Dataset records

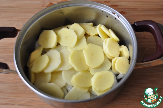 Далее кладём нарезанный тонкими кружками картофель. Заливаем водой, чтобы она доходила до картофеля. Ставим на плиту. Доводим до кипения и при закрытой крышке варим на медленном огне 30 минут.
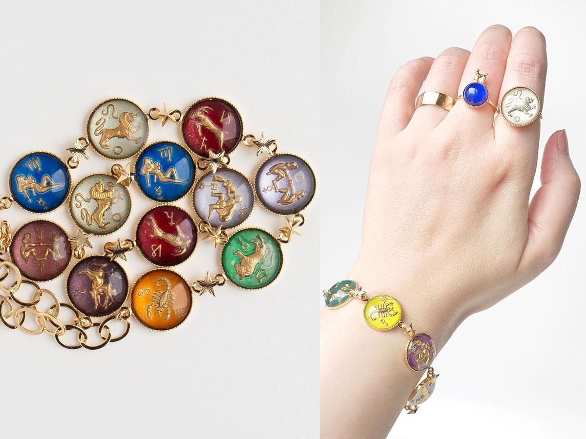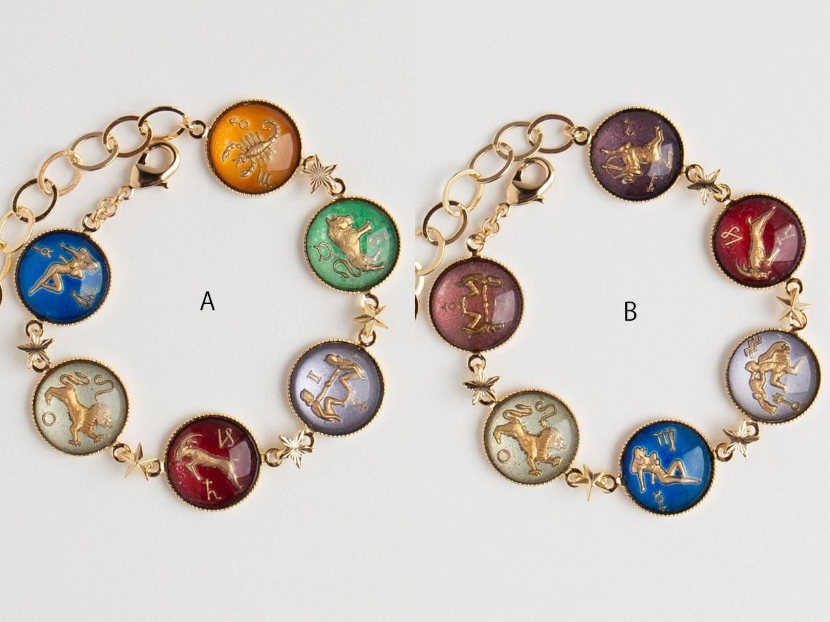 12星座のモチーフが裏彫りで表現されています。古いもののため色の剥げやムラ、ガラス表面の傷やカケが見られます。予めご了承ください。着用画像は色違いです。
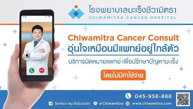 เพื่อเท่าทันต่อการรักษามะเร็ง โรงพยาบาลฯ ชูแนวคิดบริการออนไลน์"CHIWAMITRA Cancer Consult" บริการนัดหมายแพทย์ ทุกช่องทางผ่านไลน์ เฟสบุ๊กเว็บไซต์ หรือโทรศัพท์ 045-958-888 โดยไม่เสียค่าใช้จ่าย เพื่อปรึกษาทุกปัญหามะเร็ง ให้ผู้ป่วยมะเร็ง และญาติสามารถเข้าถึงช่องทางปรึกษาโรคมะเร็ง เผยโรงพยาบาลมะเร็งชีวามิตราพร้อมดูแลผู้ป่วยโรคมะเร็งทุกสถานการณ์ รับรักษาเฉพาะผู้ป่วยโรคมะเร็ง ย้ายมารักษาโรคมะเร็งอย่างต่อเนื่อง ไม่ต้องรอคิว รักษามะเร็งปลอดภัย โดยทีมแพทย์เฉพาะทางมะเร็ง ภายใต้ความปลอดภัยมาตรฐานกรมควบคุมโรค
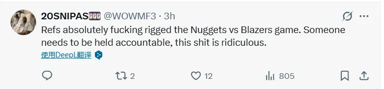 -(12贊)裁判絕對TMD操縱了掘金對陣開(kāi)拓者的比賽。必須有人為此負責,這TMD太荒謬了。
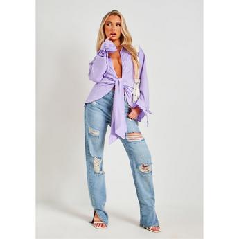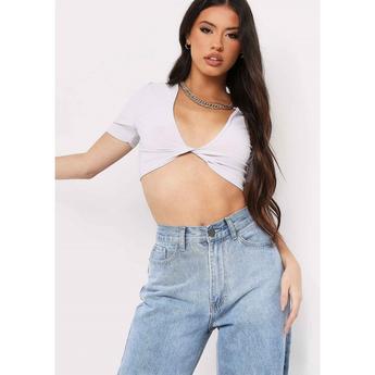 Linen Twist Front Cropped Shirt
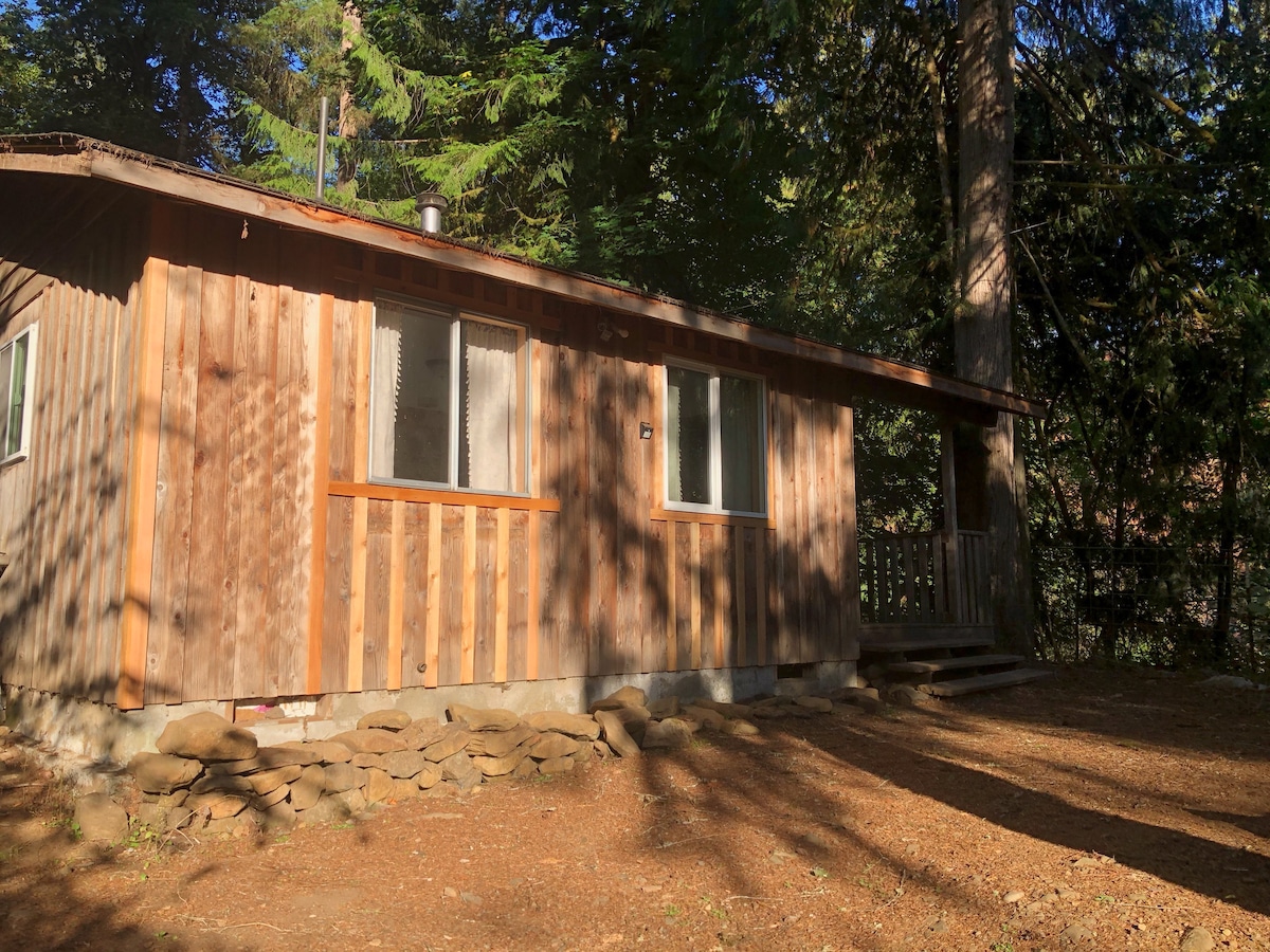 A quaint, rustic spring fed private cabin (over 100 years old!) on an organic farm, less than 5 minutes from Hwy 30 (en route to the coast), surrounded by cedar forest and wildlife. A peaceful alternative to crowded coastal vacations. Set among seasonal gardens with sheep and ducks sometimes nearby, the clean, well-cared-for cabin reflects the natural rhythms of farm life. Your reservation supports our local food system. ONLY biodegradable, scent-free products allowed.
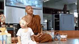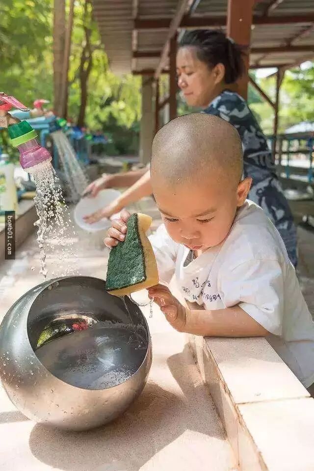 孩子的可爱天真,让成为小和尚的nongkorn第一时间萌化了所有人,或许这也是佛度世人的一种修行吧!正如那句:真心无始,自性清静。
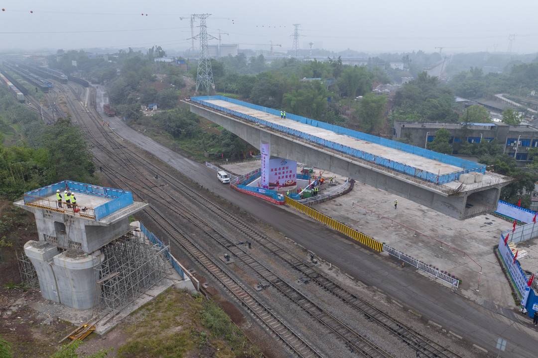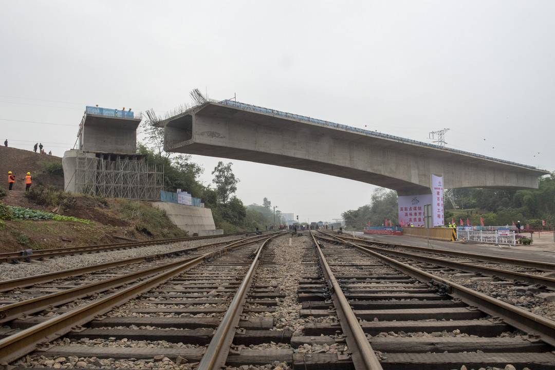 记者从京昆高速铁路西昆有限公司获悉,10月30日上午9时38分,位于四川泸州的重庆至昆明高速铁路(以下简称:渝昆高铁)寒坡岭特大桥建设现场,经过近2小时转体施工,成功跨越既有隆黄铁路,标志着渝昆高铁全线首座转体连续桥成功转体。
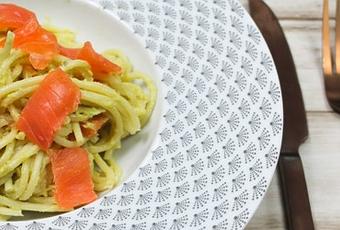 Coupez en lamelles le saumon fumé et ajoutez le aux spaghettis.
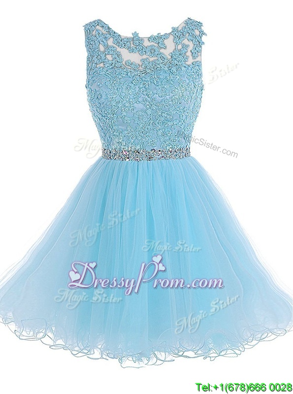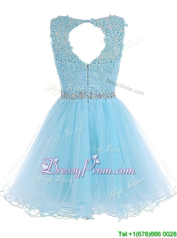 Neckline : ScoopShown Color : Baby BlueSilhouette : A-lineSleeve Length : sleevelessHemline : knee lengthBack Detail : ZipperFabric : ChiffonEmbellishment : Beading,LaceOccasion : Prom,PartySeason : Spring,Summer,Fall

__Task__: Above are the records; set down exactly the lines from the line containing "Coupez en lamelles" through their last line, leaving every picture out.

__Reply__:
 Coupez en lamelles le saumon fumé et ajoutez le aux spaghettis.
 Neckline : ScoopShown Color : Baby BlueSilhouette : A-lineSleeve Length : sleevelessHemline : knee lengthBack Detail : ZipperFabric : ChiffonEmbellishment : Beading,LaceOccasion : Prom,PartySeason : Spring,Summer,Fall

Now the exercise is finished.